Hierarchical Dirichlet Process Hidden Markov Model Transition Matrices

From Matt Johnson's thesis.

Section 3.2.3 says:

The generative process HDP-HMM($\gamma$, $\alpha$, $H$) given concentration parameters $\gamma, \alpha > 0$ and base measure (observation prior) H can be summarized as:

$$\beta \sim GEM(\gamma)$$
$$\pi^{(i)} \sim DP(\alpha, \beta)$$
$$x_t \sim \pi^{(x_{t-1})}$$
$$y_t \sim f(\theta^{x_t})$$

...
The HDP plays the role of a prior over infinite transition matrices: each $\pi^{(i)}$ is a DP draw, and is interpreted as the ransition distribution from state $j$. The $\pi^{(i)}$ are linked by being DP draws parametrized by the same discrete measure $\beta$, thus $E[\pi^{(i)}] = \beta$ and the transition distributions tend to have their mass concentrated arounda typical set of states, providing the desired bias towards re-entering and re-using a consistent set of states.

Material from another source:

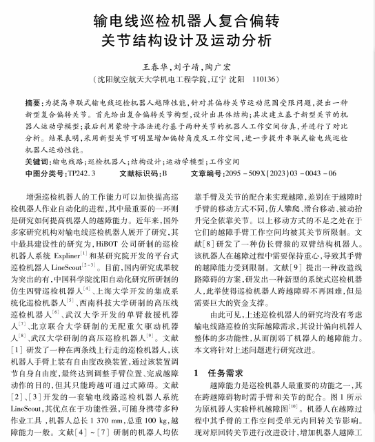 输电线巡检机器人复合偏转关节结构设计及运动分析
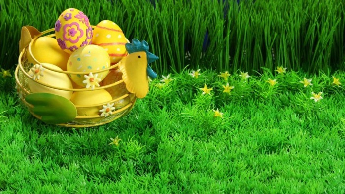 Wallpaper Ostern mit Hühnchenkorb mit–gelben Eier voll

The key here: make sure each row vector is generated from a Dirichlet Process. By generating each row from the same Dirichlet process distribution, we get a hierarchical Dirichlet process, in which a parental concentration parameter governs the generation of state transition probabilities. The concentration parameter can be "concentrated" (i.e. low) thus expressing the belief that the Markov chain should re-enter and re-use a consistent set of states.